- _WORK TASK_
Keep the pictures out while you transcribe the listing below exactly.

- _SUPPLIED MATERIAL_
⟨

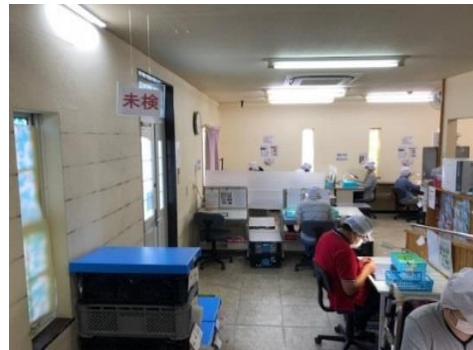
〔 自動車部品検査の様子 〕

自動車部品(プラスチック製品)の外観検査を行っています。製品の外観をチェックして、変色や傷などの不具合がないかを見つける作業です。決められた時間の中でより多くの量をこなすにはどうしたらいいのかを考えながら作業すると、大きなやりがいを見いだせます。その他、封入作業やシャツの生地見本製作などを行っています。
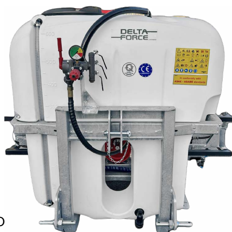
FIELD PRO GC-BD 400-600-800-1000 L
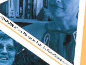
Jocelyne TEMPLIER, 43 ans, Mécanicien au foyer, Conflans-Sainte-Hippolyte

⟩

- _EXERCISE ANSWER_
〔 自動車部品検査の様子 〕

自動車部品(プラスチック製品)の外観検査を行っています。製品の外観をチェックして、変色や傷などの不具合がないかを見つける作業です。決められた時間の中でより多くの量をこなすにはどうしたらいいのかを考えながら作業すると、大きなやりがいを見いだせます。その他、封入作業やシャツの生地見本製作などを行っています。
FIELD PRO GC-BD 400-600-800-1000 L
Jocelyne TEMPLIER, 43 ans, Mécanicien au foyer, Conflans-Sainte-Hippolyte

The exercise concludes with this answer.